Friday, February 02, 2007

Constitutional Change in Australia - the view from 1926: Introduction

Note to Readers: This is the introductory post in a short series looking at the 1926 constitutional views of the Australian politician and writer David Drummond. My aim is use past thought to inform current debate on the Australian Federation. Because it is a series I will add a full list of posts at the end once the series is complete.


In my post on Australian Constitution & the High Court Decision on Work Choices I commented on the remarkable intellectual poverty in current debates about Australia's Federal structure, an assertion I repeated in my post Australian Federalism in an International Context.

These were assertions. I thought, therefore, that I might illustrate my point by taking a 1926 example.

In 1926 David Drummond, the Country Party member for Armidale and a New England new state leader, wrote a series of articles on constitutional reform for Country Life, a farmer newspaper. Later in 1926, these were gathered together and, with a forward by fellow NSW Country Party parliamentarian Mick Bruxner, published under the title Constitutional Changes in Australia. Current Problems & Contributing Factors. A Non-Party examination of the Position (Glen Innes Examiner Office).

Drummond was then 36 and had been a member of the NSW Parliament for six years. He would go on to be a member of the NSW and Federal Parliaments until 1963, including twelve years as Minster for Education in NSW. Partly because his Party had no constitutional expert, Drummond saw this as important, he set himself to learn about constitutional issues and was active in constitutional debates over his political career.

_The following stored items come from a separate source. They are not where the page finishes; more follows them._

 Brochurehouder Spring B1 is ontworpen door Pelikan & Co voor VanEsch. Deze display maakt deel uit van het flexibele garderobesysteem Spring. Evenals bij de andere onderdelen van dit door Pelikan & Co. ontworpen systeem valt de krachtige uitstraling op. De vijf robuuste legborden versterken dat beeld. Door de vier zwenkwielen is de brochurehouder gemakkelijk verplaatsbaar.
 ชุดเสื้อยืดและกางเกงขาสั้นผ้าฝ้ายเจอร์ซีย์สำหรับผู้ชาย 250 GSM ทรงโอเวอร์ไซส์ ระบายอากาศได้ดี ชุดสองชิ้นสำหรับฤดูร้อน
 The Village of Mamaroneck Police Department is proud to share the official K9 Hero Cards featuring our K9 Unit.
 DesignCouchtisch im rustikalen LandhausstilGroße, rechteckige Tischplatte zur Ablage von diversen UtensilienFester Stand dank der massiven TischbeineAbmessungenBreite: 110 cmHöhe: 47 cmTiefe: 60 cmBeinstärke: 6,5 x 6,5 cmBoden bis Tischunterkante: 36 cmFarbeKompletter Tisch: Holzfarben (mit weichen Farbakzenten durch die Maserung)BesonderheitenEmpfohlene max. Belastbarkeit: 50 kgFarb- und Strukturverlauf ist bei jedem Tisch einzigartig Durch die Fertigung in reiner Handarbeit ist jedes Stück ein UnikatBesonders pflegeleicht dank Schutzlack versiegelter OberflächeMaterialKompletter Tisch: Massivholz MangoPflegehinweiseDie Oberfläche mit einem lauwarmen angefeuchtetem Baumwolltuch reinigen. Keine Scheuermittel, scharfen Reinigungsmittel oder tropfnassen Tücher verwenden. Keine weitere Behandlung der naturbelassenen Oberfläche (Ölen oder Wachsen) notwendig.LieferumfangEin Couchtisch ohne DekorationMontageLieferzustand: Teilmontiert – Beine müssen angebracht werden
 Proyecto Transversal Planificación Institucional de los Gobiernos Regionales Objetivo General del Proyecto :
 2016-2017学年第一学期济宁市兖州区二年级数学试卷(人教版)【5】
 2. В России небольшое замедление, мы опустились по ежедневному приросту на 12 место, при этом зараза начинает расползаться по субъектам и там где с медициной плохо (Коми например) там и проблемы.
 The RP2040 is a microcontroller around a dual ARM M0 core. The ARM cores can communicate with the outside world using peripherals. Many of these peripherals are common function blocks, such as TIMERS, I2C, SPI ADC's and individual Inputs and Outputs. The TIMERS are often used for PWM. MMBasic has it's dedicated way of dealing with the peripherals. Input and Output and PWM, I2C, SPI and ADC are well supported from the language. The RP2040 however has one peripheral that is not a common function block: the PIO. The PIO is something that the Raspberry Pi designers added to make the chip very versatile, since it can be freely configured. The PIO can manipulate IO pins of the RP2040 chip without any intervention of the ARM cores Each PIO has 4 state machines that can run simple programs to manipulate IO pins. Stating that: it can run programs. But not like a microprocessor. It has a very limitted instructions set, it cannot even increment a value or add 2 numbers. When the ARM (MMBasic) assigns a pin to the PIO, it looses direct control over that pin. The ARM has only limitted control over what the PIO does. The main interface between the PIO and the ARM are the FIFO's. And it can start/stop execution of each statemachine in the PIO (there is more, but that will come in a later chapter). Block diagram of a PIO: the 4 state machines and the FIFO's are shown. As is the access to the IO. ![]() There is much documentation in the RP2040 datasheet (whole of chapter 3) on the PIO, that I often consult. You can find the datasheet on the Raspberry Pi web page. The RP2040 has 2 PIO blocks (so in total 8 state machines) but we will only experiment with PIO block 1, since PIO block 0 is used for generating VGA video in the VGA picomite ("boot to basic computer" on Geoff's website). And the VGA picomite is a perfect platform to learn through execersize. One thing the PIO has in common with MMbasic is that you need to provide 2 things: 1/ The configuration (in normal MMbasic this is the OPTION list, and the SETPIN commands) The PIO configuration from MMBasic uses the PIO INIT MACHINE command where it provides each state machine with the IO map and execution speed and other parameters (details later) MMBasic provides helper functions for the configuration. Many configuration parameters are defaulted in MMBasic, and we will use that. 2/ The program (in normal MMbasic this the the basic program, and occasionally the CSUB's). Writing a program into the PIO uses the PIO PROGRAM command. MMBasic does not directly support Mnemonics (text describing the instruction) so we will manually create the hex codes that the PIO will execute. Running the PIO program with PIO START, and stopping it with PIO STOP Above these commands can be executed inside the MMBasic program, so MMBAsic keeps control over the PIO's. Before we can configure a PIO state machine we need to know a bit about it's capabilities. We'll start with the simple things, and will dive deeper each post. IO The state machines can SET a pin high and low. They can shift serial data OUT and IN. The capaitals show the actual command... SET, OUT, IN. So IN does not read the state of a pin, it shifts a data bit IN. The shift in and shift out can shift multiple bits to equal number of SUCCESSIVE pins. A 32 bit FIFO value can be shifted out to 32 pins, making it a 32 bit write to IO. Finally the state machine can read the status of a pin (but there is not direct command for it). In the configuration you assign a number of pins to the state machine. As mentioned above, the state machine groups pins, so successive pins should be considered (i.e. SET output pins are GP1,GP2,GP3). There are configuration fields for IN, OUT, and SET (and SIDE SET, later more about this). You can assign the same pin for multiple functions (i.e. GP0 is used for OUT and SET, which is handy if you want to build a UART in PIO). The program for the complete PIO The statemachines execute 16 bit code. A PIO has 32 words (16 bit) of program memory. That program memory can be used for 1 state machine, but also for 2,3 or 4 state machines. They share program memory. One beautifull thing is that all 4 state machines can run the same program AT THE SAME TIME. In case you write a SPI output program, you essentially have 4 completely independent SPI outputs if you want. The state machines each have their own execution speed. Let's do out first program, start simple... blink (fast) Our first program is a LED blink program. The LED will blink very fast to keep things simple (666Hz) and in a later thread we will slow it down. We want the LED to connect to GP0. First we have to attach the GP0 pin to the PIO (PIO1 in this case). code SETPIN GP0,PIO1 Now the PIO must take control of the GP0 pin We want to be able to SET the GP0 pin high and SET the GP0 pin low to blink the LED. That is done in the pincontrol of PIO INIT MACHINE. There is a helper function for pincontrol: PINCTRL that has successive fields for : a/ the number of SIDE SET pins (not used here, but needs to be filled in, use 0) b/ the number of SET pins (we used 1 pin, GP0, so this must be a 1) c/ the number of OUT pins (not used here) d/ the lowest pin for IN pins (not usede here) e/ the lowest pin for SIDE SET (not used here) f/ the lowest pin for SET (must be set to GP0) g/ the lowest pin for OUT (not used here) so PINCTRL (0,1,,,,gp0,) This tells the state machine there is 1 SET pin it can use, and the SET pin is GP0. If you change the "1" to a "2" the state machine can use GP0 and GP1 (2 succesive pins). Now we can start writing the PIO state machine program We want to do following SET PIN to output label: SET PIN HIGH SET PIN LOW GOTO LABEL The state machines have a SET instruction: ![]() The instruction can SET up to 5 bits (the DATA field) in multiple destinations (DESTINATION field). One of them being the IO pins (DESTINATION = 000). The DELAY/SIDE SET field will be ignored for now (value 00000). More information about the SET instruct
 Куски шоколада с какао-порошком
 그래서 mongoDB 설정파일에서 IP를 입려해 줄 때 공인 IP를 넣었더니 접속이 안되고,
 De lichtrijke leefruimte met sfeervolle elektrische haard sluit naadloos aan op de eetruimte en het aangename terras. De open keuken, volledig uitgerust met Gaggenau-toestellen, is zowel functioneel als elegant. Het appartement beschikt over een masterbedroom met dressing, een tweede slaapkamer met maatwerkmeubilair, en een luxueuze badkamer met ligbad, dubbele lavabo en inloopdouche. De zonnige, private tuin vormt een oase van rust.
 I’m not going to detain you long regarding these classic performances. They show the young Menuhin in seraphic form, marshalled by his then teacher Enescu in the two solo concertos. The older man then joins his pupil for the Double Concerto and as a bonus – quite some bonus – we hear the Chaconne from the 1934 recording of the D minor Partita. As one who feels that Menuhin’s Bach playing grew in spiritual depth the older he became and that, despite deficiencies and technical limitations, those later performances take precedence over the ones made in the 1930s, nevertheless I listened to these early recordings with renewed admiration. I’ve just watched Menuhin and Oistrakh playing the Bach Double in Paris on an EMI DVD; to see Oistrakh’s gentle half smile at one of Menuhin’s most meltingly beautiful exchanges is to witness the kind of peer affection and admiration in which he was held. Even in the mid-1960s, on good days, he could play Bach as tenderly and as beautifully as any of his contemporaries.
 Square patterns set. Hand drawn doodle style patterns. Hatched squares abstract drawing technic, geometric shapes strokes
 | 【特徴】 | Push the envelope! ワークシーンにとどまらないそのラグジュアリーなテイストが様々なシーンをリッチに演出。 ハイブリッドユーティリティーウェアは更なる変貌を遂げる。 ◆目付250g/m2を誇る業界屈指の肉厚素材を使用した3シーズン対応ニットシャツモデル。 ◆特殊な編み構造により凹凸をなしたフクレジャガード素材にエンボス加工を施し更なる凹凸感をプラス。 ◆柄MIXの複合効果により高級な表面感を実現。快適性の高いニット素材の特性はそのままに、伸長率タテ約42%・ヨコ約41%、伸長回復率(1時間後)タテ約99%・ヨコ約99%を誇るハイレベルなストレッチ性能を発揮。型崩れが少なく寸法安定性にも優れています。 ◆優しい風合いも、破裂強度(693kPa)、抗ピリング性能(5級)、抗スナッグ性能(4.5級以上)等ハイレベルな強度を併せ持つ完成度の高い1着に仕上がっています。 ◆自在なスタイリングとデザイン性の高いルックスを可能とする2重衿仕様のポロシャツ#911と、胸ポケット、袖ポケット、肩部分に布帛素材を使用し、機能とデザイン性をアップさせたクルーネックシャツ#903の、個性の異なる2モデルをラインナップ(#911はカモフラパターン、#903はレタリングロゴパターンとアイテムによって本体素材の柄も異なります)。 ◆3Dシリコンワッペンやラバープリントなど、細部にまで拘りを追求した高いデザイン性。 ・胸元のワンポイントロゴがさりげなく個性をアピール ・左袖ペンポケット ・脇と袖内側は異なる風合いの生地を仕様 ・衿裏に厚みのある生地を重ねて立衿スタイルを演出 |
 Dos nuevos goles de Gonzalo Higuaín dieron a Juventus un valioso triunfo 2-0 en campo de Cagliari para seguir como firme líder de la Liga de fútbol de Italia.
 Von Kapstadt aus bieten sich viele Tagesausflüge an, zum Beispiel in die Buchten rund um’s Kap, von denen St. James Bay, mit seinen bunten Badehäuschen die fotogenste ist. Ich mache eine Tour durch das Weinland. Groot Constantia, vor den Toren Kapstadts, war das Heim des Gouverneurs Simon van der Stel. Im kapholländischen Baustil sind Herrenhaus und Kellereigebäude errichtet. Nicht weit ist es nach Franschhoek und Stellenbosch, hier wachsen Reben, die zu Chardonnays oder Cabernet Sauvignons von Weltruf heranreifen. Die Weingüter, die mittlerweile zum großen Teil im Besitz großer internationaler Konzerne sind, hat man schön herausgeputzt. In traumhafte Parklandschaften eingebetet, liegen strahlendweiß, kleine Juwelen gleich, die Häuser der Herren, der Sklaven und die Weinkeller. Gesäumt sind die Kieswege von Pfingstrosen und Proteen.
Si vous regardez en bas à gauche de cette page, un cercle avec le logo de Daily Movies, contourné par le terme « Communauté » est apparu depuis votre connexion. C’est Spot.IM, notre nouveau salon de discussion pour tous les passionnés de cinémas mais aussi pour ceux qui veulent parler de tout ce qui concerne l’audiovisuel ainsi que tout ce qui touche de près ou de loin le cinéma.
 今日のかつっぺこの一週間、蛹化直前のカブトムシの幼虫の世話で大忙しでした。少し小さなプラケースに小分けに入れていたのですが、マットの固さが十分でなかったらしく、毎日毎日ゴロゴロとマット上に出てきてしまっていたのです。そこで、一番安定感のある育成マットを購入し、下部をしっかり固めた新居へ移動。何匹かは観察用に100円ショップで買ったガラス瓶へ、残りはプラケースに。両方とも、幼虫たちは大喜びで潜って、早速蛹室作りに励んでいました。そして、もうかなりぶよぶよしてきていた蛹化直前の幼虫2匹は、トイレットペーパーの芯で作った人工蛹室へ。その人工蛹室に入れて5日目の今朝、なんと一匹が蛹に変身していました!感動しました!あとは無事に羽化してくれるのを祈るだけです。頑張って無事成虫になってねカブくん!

Constitutional Change in Australia can hardly be classified as literature: Drummond's lack of formal education (he left school at 12) was still apparent in his sometimes clumsy phrasing, while the articles were repetitive and written in a popular style. Nevertheless, the results present a developed framework, one that was to provide an evolving framework for one stream of Australian constitutional debate over the next forty years.

It is also a framework that affected my own views since Drummond was my grandfather and I used to debate the issues with him. I have added or changed things because of my own experience in politics and public administration, but the core frame remains.